> Prompt
Only the lines from the top of the listing below to the line that has "Anonymous scribe and" should be echoed, with both ends kept and pictures left out.

Content starts

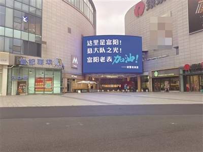 昨日,富阳城区几个主要商业街区内的电子屏上滚动播放着诸暨篮协发来的祝贺标语:“这里是富阳 我们是四强!”“县大队之光!富阳老表,加油!”“富阳队,砸砸掼进!富阳浙江王!”
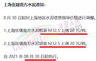 8月30日上海地区主流品牌P.C42.5、M32.5水泥价格上涨20元/吨,通知称因原料供应紧张,成本持续增加,加之下游需求好转,因此水泥价格再次推涨。
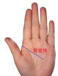 智慧线——即脑纹。是掌相中最重要的一纹,中国手相中此纹代表自己,又称人纹。起点与生命线同,向小指方向走,至无名指与小指指缝间停最好,太短不够聪明,太长则精明过度,亦不好。
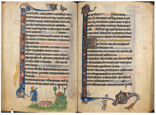 Anonymous scribe and artist. Rutland Psalter. C. 1260. London, British Library, Add MS 62925, folio 57v and 58r.
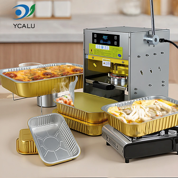 A Yunchu az alumíniumfólia tartályok professzionális gyártója és szállítója Kínában. Az arany alumíniumfólia tartályokkal ellátott kézi hőszigetelő gépünk kettős előnnyel rendelkezik: megjelenési szint és szilárdság. Az elviteles étkeztetés, a csoportos ételek kiszállítása és a készételek iparának kedvelt kombinációja lett. Nemcsak a márka minőségét emelheti ki, hanem megoldja a csomagolás fájdalmát, csökkenti a költségeket és növeli a hatékonyságot a kereskedők számára, valamint megnyugtató élményt nyújt a fogyasztóknak.
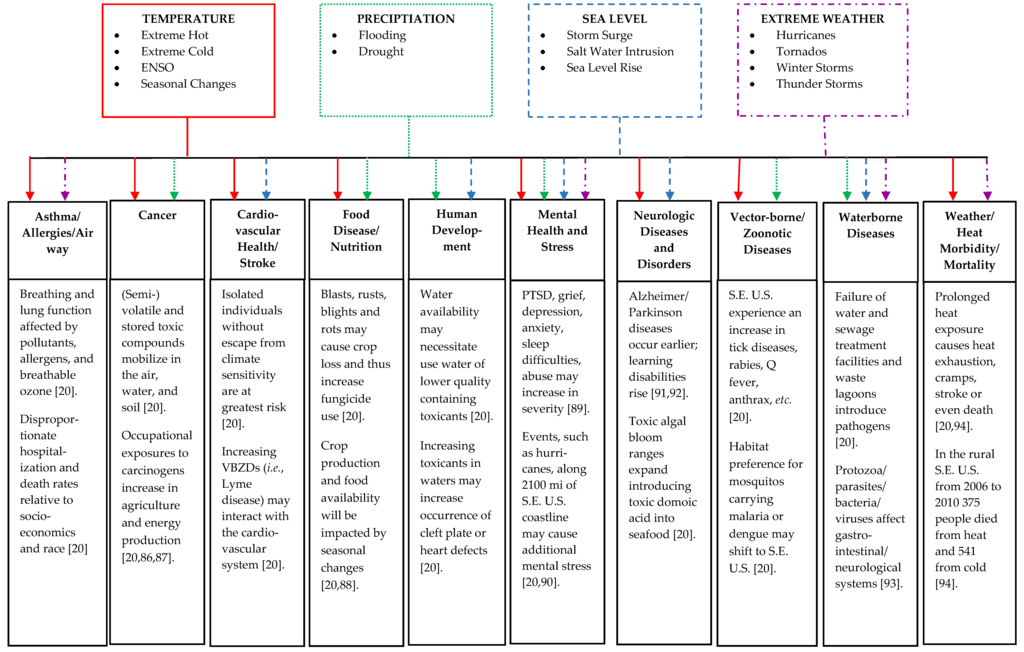 | Water and Soil | Toxicant Exposure: Reduction in fossil fuel use minimizes the release of some neurotoxicants including arsenic, mercury, and other heavy metals [20]. Proper disposal of products such as florescent light bulbs and batteries for electric vehicles is essential to reduce risk of contamination [20]. Proper agricultural practices such as minimal to no-tillage of land and proper pesticide application reduce erosion and minimize pesticide infiltration into waters and soils [104,107]. By removing toxic compounds from building materials and facilitating recycling and biodegradation of components, human illness through air and waterborne pollution is reduced [104]. Diverting staple crops for use as biofuels may necessitate the use of additional chemicals for crop production [20]. Disease Transmission: Reforestation can help with flooding and air quality but be a breeding ground for VBZD and reduce potential agricultural land [20]. Continued development of solar and wind farms minimizes water usage in power production and, in turn, minimizes threats of waterborne disease [20]. | Communication Methods: It is important to continue developing early warning systems, evacuation plans, and emergency plans and warning systems [108,109]. Planners will need to continue efforts to fortify natural barriers for flooding and erosion, such as wetlands and tidal marches [20]. Combatting Drought: Ponds and dams are used widely to manage water supplies, possibly allowing for the spread of certain VBZD [110]. Capture and storage of rainwater may prove excellent breeding grounds for mosquitos harboring VBZD. In addition, pesticide use to control organisms harboring VBZD may introduce potential toxicants into environmental sectors [20]. Land Use: Zoning permits are limited for at-risk land [108,109]. Best land-use practices in agriculture and use of locally recycled water (grey-water) slow rates of water table depletion and reduce the impacts of heavy precipitation events that are anticipated in the Southeast [20]. | Asthma, Respiratory Allergies, and Airway Diseases. Mental Health and Stress-Related Disorders. Neurological Diseases and Disorders. Vectorborne/Zoonotic Diseases (VBZD). Waterborne Diseases. Weather and Heat-Related Morbidity and Mortality. |

Content ends

> Exercise output
 昨日,富阳城区几个主要商业街区内的电子屏上滚动播放着诸暨篮协发来的祝贺标语:“这里是富阳 我们是四强!”“县大队之光!富阳老表,加油!”“富阳队,砸砸掼进!富阳浙江王!”
 8月30日上海地区主流品牌P.C42.5、M32.5水泥价格上涨20元/吨,通知称因原料供应紧张,成本持续增加,加之下游需求好转,因此水泥价格再次推涨。
 智慧线——即脑纹。是掌相中最重要的一纹,中国手相中此纹代表自己,又称人纹。起点与生命线同,向小指方向走,至无名指与小指指缝间停最好,太短不够聪明,太长则精明过度,亦不好。
 Anonymous scribe and artist. Rutland Psalter. C. 1260. London, British Library, Add MS 62925, folio 57v and 58r.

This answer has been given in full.